Après l'action principale, le joueur peut déclencher son action secondaire, qui dépend de son commis.
Exemple d'un début de tour de jeu :
"Pendant la première phase, j'ai choisi un apprenti (à gauche), un compagnon (au centre) et un grand Maître (à droite) dans ma pioche. Je peux par exemple pour ma première action chercher une tuile soie jaune à l'entrepôt avec l'apprenti, puis dépenser 8 Louis d'or pour gagner 2 points de victoire.

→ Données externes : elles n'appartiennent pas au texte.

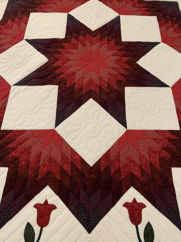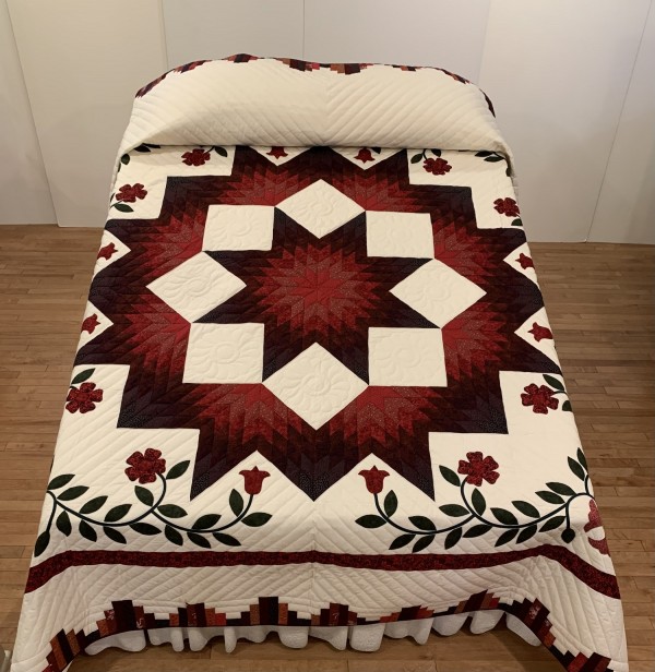 The star seems to have a 3-dimensional quality to it just because of the placement of the colors. Set against the ivory background, the star sings! We love this variation of the Lone Star pattern. Additionally, this quilt features appliqued flowers surrounding the star. Stunning!

Quand le tour de jeu reviendra à moi, je pourrais utiliser mon maître couturier pour recruter un nouveau commis qui viendra directement dans ma main et gagner 2 sous par robe rouge ou 1 sou par robe jaune etc etc... jusqu'à passer"
En fin de tour, chaque joueur reçoit un revenu, on a une phase d'entretien (réapprovisionnement des robes, des commis à embaucher et des tuiles tissus). et un nouveau tour commence. Le joueur consulte sa pioche, puise dans les cartes restantes et utilise sa défausse si besoin comme tout bon deckbuilding.

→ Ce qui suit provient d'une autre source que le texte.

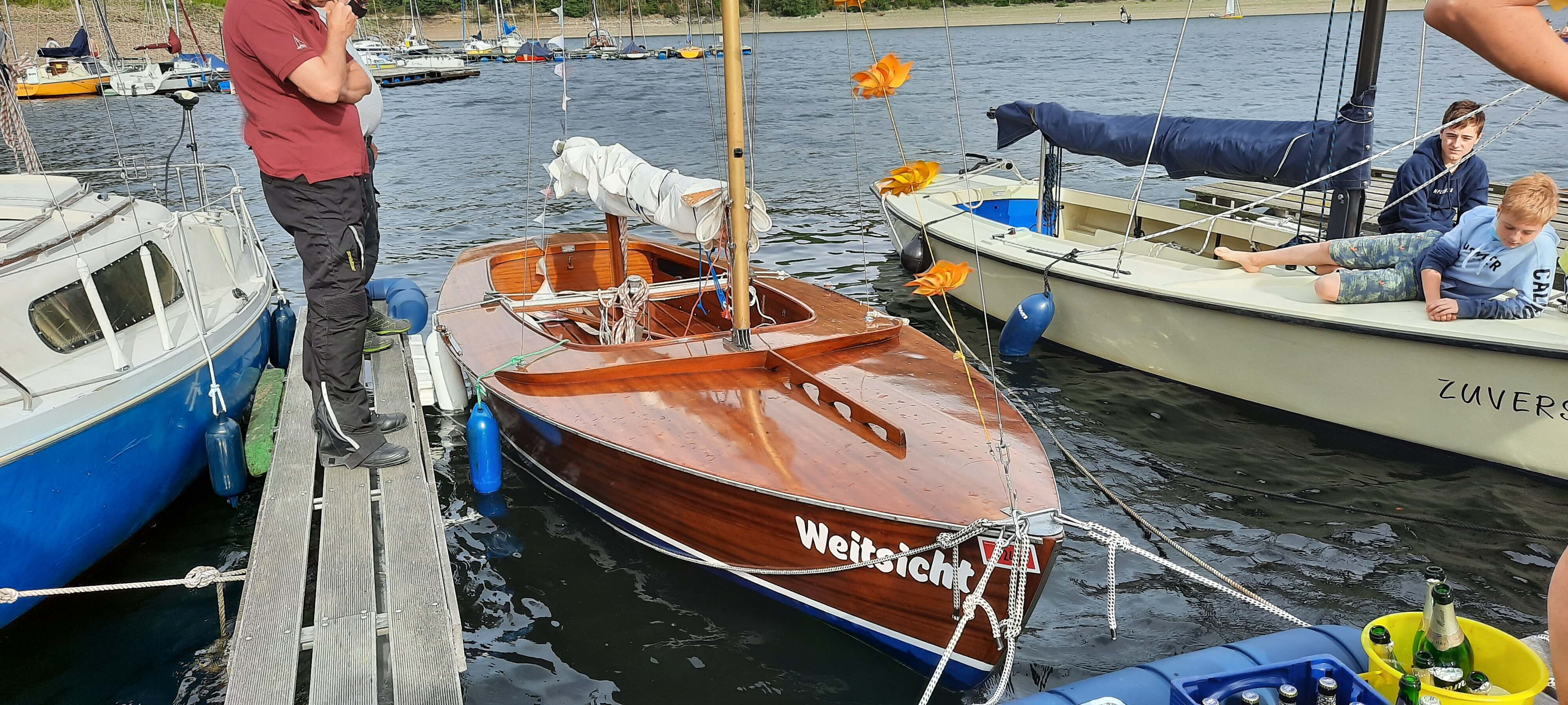 Nach der Siegerehrung gab es (selbstverständlich mit Abstand) Kaffee und Kuchen. Anschließend stand noch ein besonderes Ereignis an, nämlich die Taufe eines neuen (gebrauchtem) Clubbootes, einem Kielzugvogel. Zünftig mit einer Flasche Sekt wurde das neue Boot auf den Namen "Weitsicht" getauft, passend zu den andern Namen der Clubboote, die alle auf „…sicht“ enden. Das wunderschöne Holzboot ist eine großzügige Spende der Familie Potrawa aus Aldenhoven und wurde von den anwesenden SCJ Mitgliedern bestaunt. Das Ehepaar Potrawa war bei der Zeremonie dabei und konnte sehen, dass sich der Kielzugvogel beim SCJ in guten Händen befindet. Das Boot bildet nun eine schöne Ergänzung zu dem bereits vorhandenen Regatta-Kielzugvogel mit dem Namen „Gleitsicht“ und komplettiert die Familie der SCJ-Clubboote. Mittlerweile ist der SCJ stolzer Besitzer von fünf Kielbooten, die den Mitgliedern des Vereins zur Verfügung stehen.

Il reste deux trois détails non évoqués mais j'espère que vous avez saisi les principales règles !!!
Mécanisme du jeu :
Ah Rococo, on peut dire que ce nom correspond bien au thème et à la profusion des mécanismes déployées dans ce jeu puisqu’on retrouve :
- Du deck (hand) building à la fois classique (gestion du deck avec épuration, gestion de la fréquence des cartes) et innovant (le fait de pouvoir choisir ses cartes et donc anticiper ses futurs tours est une idée simple mais assez ingénieuse)

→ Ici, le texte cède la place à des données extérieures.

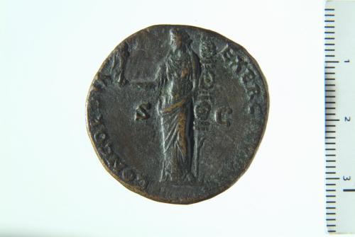 Busto laureato di Antonino Pio a d., con corazza e paludamentum; contorno perlinato.

- De la gestion de ressources et d’ouvriers (gestion tendue de l'argent, choix cornéliens des cartes commis en début de tour, certaines actions étant restreintes selon le type de commis)
- Une notion de course pour la majorité dans les salles de bal et sur les emplacements du balcon
- De l’opportunisme (prise des nouvelles cartes commis, prise des tissus, emplacement embellissement et musiciens)
- La réalisation d’objectifs personnels au travers des cartes « uniques» de fin de partie qui permettent de rapporter des points selon certains critères, parfois un peu trop capillotractés, il faut bien le dire.
Bien que nombreux, les différents mécanismes s’articulent très bien ensembleet s’apprivoisent rapidement lorsqu’on a un petit bagage ludique derrière soit. De plus, en fin de partie, on a vraiment un sentiment d'accomplissement même si on ne gagne pas. En effet, on finit avec un plateau comportant 5 salles de bal, pleines de nobles richement vêtus, la classe !!!
Mise en perspective :
Maîtres Couturiers est pour moi un descendant direct de Fresco, sorti en 2010, avec comme point commun majeure la très forte adéquation entre les mécanismes et la thématique. Quand je joue à Maîtres couturiers, je me vois organiser ce bal, lutter pour confectionner les plus belles robes et vestes de la cour au nez et à la barbe des autres joueurs, engager des musiciens etc etc... En revanche, il est beaucoup plus costaud et exigeant que son ainé.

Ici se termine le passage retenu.